-- Input data follows --

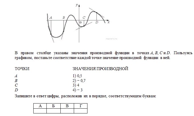На рисунке изображены график функции и касательные, проведённые к нему в точках с абсциссами A, B, C и D
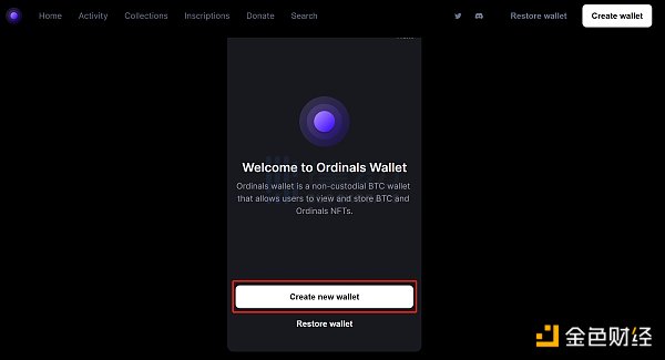 Ordinals Wallet 是沒有瀏覽器插件的,屬于「網站內置錢包」。進入官網后,點擊「Create Wallet」:
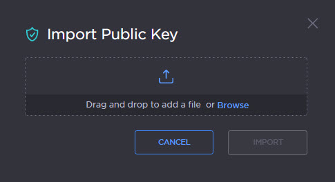 on an existing account.From the Account Settings, under Public Keys, click Add to open the Import Public Key dialog.
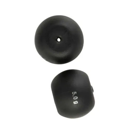 Subflutuadores em forma de bola com extremidades levemente achatadas e flutuabilidade de 5 gramas.
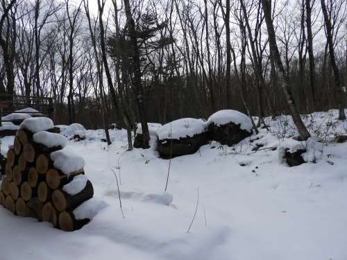 雪のあるうちは、ストーブ用の薪割り作業もできません。
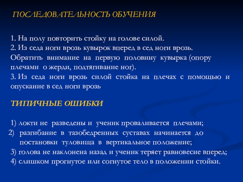 равновесие назад, опереться руками о пол около колен. Сед с прямыми ногами и кувырок назад через стойку на руках с помощью.

-- Input data concluded --

→ Problem statement:
Take the line that contains "Ordinals Wallet 是沒有瀏覽器插件的,屬于「網站內置錢包」。進入官網后,點擊「Create" and every line after it to the end of the records above; quote them exactly, leaving out the pictures.

→ Worked solution:
 Ordinals Wallet 是沒有瀏覽器插件的,屬于「網站內置錢包」。進入官網后,點擊「Create Wallet」:
 on an existing account.From the Account Settings, under Public Keys, click Add to open the Import Public Key dialog.
 Subflutuadores em forma de bola com extremidades levemente achatadas e flutuabilidade de 5 gramas.
 雪のあるうちは、ストーブ用の薪割り作業もできません。
 равновесие назад, опереться руками о пол около колен. Сед с прямыми ногами и кувырок назад через стойку на руках с помощью.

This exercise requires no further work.